··· Information provided

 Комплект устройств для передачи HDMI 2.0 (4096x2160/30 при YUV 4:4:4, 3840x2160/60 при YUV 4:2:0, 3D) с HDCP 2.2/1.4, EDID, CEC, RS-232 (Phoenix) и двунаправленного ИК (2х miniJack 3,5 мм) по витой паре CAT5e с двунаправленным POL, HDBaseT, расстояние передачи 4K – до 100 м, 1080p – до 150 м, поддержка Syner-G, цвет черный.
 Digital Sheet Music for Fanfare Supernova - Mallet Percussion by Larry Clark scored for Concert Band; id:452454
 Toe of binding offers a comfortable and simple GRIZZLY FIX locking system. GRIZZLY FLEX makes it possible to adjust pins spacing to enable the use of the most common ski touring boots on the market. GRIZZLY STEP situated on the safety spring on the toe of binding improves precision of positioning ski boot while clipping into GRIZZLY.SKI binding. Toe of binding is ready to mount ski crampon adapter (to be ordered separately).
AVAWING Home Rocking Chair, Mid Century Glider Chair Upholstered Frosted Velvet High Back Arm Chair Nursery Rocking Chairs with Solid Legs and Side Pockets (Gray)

······
··· Information provided

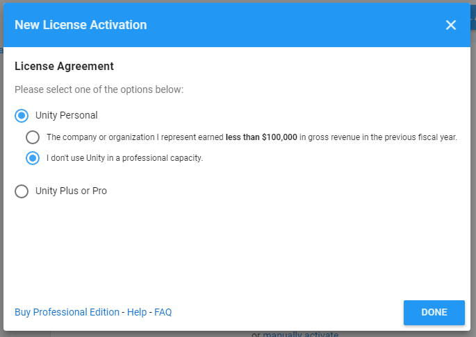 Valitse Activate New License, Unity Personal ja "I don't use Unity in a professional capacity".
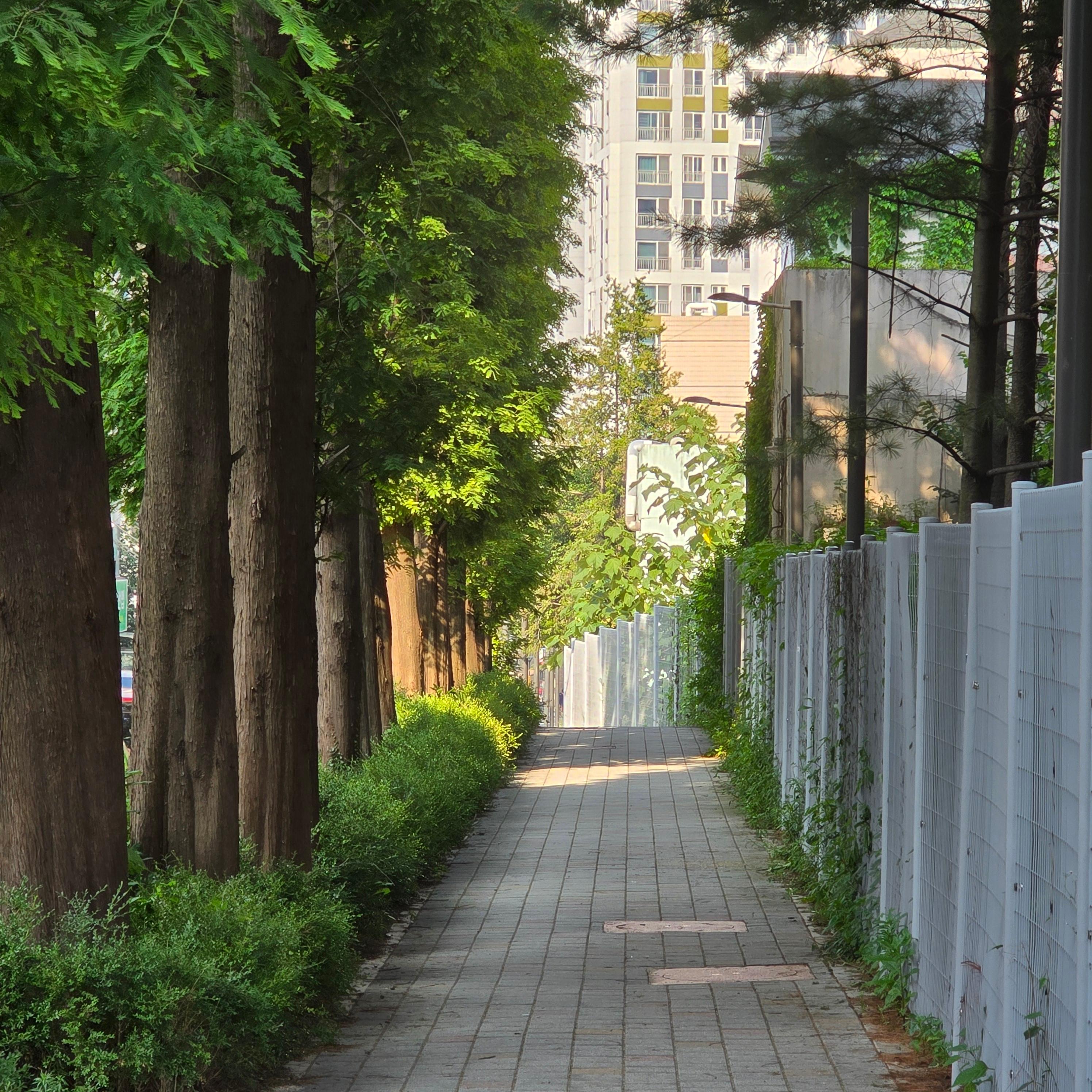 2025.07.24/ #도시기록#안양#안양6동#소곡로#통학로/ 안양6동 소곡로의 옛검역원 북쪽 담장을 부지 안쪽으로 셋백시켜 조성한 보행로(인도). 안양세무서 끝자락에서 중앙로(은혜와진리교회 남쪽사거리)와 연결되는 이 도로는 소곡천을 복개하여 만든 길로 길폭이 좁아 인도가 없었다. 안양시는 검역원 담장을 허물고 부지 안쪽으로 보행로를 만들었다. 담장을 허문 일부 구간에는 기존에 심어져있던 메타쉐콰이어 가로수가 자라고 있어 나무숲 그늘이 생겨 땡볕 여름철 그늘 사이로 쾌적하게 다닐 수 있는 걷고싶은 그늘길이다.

······
··· Information provided

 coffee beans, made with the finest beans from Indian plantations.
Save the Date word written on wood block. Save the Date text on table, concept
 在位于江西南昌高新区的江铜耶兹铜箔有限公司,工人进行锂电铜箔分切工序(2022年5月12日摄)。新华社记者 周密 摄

······

## About this task
List, from the entries above, every line in which the word "with" shows up.

## Written reply
AVAWING Home Rocking Chair, Mid Century Glider Chair Upholstered Frosted Velvet High Back Arm Chair Nursery Rocking Chairs with Solid Legs and Side Pockets (Gray)
 coffee beans, made with the finest beans from Indian plantations.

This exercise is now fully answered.